We’re doing something more, though, through this order and beauty, something that goes by the title ritualizing or ceremonializing. Ritualizing has to do with the vestments we wear, with candles and processions, with bowing and crossing ourselves and genuflecting, with careful and graceful movements and gestures. Ritualizing has to do with “blurring the lines” of the ordinary in order to open it to the extraordinary. Think about the differences between coffee hour, or breakfast downstairs before the service Sunday mornings, and the Eucharist. Both are meals. Both involve sharing. Christ is undoubtedly present in both. But the Eucharist is a ritualized meal, opened up to admit a host of meanings that extend backward and forward in time, that bring us together and lift us up and make Christ present in ways that coffee hour or breakfast never can.

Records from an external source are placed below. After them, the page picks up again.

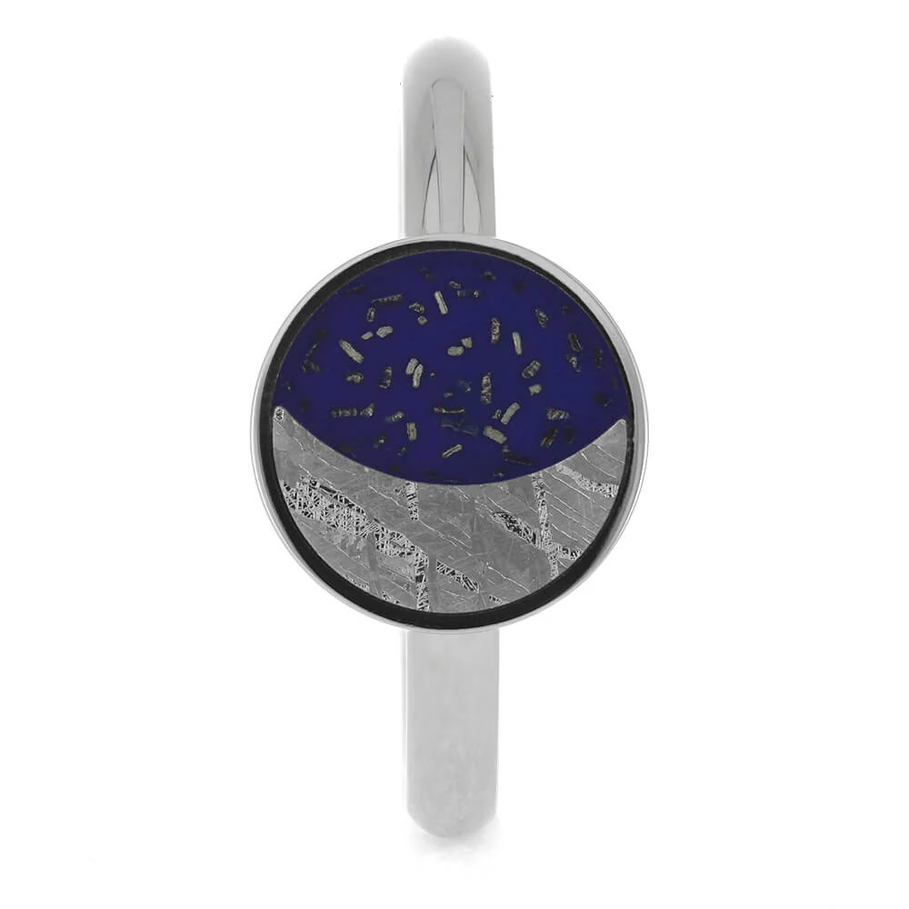 Proclaim your love for the “Moon of Your Life” or “Your Sun and Stars” with this starry night ring celebrating the bond between the stellar bodies of the night sky. The moon is displayed with Gibeon meteorite while dark blue Stardust™ creates a bright starry night sky.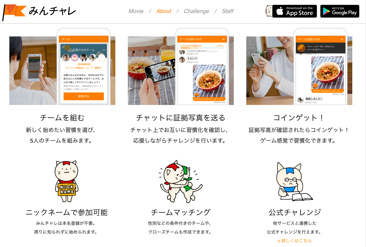 チャレンジのテーマは、英語、ダイエット、投資、ゲーム、早起き、朝活(勉強)、運動(ウォーキング)などがある。1人の利用者が複数チームに参加することが多く、ユーザーごとの平均参加チーム数は3チーム。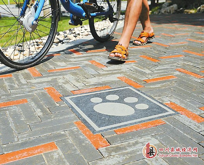 熊猫绿道样板段上铺装的熊猫脚印地砖

Ritualizing and ceremonial can be overdone—can lead to the false transcendence, the abuses, I touched on earlier. They too can become the end, not the means. They must be done with great sensitivity and care. Always they must lead to the opening up of meaning, the opening up to the presence of God—both transcendent and immanent.


I have been talking about liturgy, about worship, and have said nothing about the readings for today or about what this all has to do with the rest of our lives. Let me just end by calling attention to the gospel reading, where Jesus says that we are in the world, but we do not belong to the world—that we are sanctified in the truth. This is another way of speaking about our paradox of transcendence and immanence. We are humans here on earth, but we are also and at the same time children of God and citizens of God’s kingdom. These things are not separate, they exist together in holy paradox. Our worship reminds us of them, renews us in them, lifts us up and sends us out to be paradoxical Christians for the life of the world.